Von zarten Tönen bis hin zu aufwühlenden Orchesterpassagen: Bei Hector Berlioz’ “Symphonie Fantastique” hielt es die Zuschauer zum Abschluss des Beethovenfestes 2022 nicht mehr auf den Stühlen. Sie applaudierten mit Standing Ovations: Das Orchester hatte diese gigantische Sinfonie rund 45 Minuten lang auswendig gespielt.
Beim Abschlusskonzert begeisterten zunächst die Stars René Capuçon an der Geige, Kit Armstrong am Klavier und Julia Hagen am Violoncello. Mit dem Londoner Aurora Orchestra spielten die drei ein ausgefeiltes und fein aufeinander abgestimmtes Tripelkonzert von Ludwig van Beethoven. Die spontanen Standing Ovations galten am Ende der “Symphonie Fantastique” von Hector Berlioz. Jedes Jahr nehmen sich die Musikerinnen und Musiker ein großes Werk vor, das sie auswendig spielen.
Der Eventcharakter ist wichtig
Das gebe dem Publikum ein anderes Hörerlebnis, so Dirigent Nicholas Collon im Gespräch mit der DW. “Seit acht Jahren spielen wir auswendig, das verändert bei allen die Beziehung zum Stück.” So könnten die Spieler untereinander und mit dem Publikum in einer außergewöhnlichen und einzigartigen Art und Weise kommunizieren, da sie nicht in die Noten schauen müssten. “Uns geht es nicht um den Wow-Effekt. Das auswendige Spiel hilft, die Musik auf eine tiefere Art zu verstehen.”

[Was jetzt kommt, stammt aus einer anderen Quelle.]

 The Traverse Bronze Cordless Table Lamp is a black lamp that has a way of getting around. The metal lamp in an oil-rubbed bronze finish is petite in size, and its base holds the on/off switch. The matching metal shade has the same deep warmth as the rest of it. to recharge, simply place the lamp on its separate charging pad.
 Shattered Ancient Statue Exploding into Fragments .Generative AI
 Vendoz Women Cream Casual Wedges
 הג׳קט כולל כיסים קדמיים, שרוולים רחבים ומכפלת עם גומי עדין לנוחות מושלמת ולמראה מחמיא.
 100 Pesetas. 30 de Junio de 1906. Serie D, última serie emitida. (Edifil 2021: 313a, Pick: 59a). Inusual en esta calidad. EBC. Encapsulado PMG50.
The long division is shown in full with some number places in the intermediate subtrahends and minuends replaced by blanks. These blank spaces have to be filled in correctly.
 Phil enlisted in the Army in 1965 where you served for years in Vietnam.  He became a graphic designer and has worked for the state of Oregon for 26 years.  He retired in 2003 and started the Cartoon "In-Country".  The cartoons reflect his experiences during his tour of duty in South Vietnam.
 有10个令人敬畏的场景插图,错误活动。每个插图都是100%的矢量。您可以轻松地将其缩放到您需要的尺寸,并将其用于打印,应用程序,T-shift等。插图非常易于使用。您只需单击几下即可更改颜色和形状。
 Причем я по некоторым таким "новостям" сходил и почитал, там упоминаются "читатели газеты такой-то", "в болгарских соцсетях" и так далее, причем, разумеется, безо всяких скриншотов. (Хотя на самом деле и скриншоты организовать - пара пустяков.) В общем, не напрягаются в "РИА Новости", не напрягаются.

Und doch war dieser Wow-Effekt da – ganz im Sinne von Intendant Steven Walter, der immer wieder betont, dass die heutige Erlebnisgesellschaft andere Anforderungen an Konzerte und Events stellt als noch vor 150 Jahren. “Der Eventcharakter im positiven Sinne wird das Beethovenfest auch zukünftig weiter begleiten. Alles was eine Einzigartigkeit ausstrahlt, funktioniert beim Publikum sehr gut”, sagte Steven Walter im Gespräch mit der DW.
Zu den besonderen Klangerlebnissen des Festivals gehörte auch das “Dunkelkonzert”, das blinde und sehbehinderte Menschen mit dem “Vision String Quartett” ausgearbeitet hatten. In kompletter Dunkelheit konnte man die Musik viel intensiver wahrnehmen. Unter der großen Bewunderung der Zuschauer spielte das Quartett auswendig. Das Beethovenfest wurde im Zuge dieses Projekts für den Inklusionspreis Nordrhein-Westfalen nominiert.
Außergewöhnliche Musikerlebnisse gab es auch im 162 Meter hohen Posttower in Bonn, in dem die Besucherinnen und Besucher mit den Hochgeschwindigkeits-Aufzügen Musik im wahrsten Sinne des Wortes “erfahren” konnten. Auf mehreren Etagen der DAX-Konzernzentrale der Post gab es einen Abend mit klassischen und zeitgenössischen Konzerten, teils in schwindelnder Höhe, zwischen denen sich die Menschen bewegen konnten.
Doch es geht Steven Walter nicht um Effekthascherei. Im Gegenteil, Musik hat für ihn immer mit politischen und gesellschaftlichen Fragen zu tun, seien es Themen wie Krieg, Klima, Rassismus oder Diversity. So spielten Musikerinnen und Musiker des “Podium Esslingen” im Post-Tower auch Bearbeitungen des afroamerikanischen Komponisten Julius Eastman. Er zählt zu den Avantgardisten der sogenannten “minimalen Musik” der 1980er Jahre.
Eastman war homosexuell und sagte selbst einmal: “Was ich mir wünsche, ist, in vollen Zügen das zu sein, was ich bin: in vollen Zügen Schwarz, in vollen Zügen Musiker, in vollen Zügen Homosexueller.” 1990 verstarb er mit 50 Jahren an übermäßigem Alkohol- und Drogenkonsum. Seine Musik erfährt zurzeit ein Revival.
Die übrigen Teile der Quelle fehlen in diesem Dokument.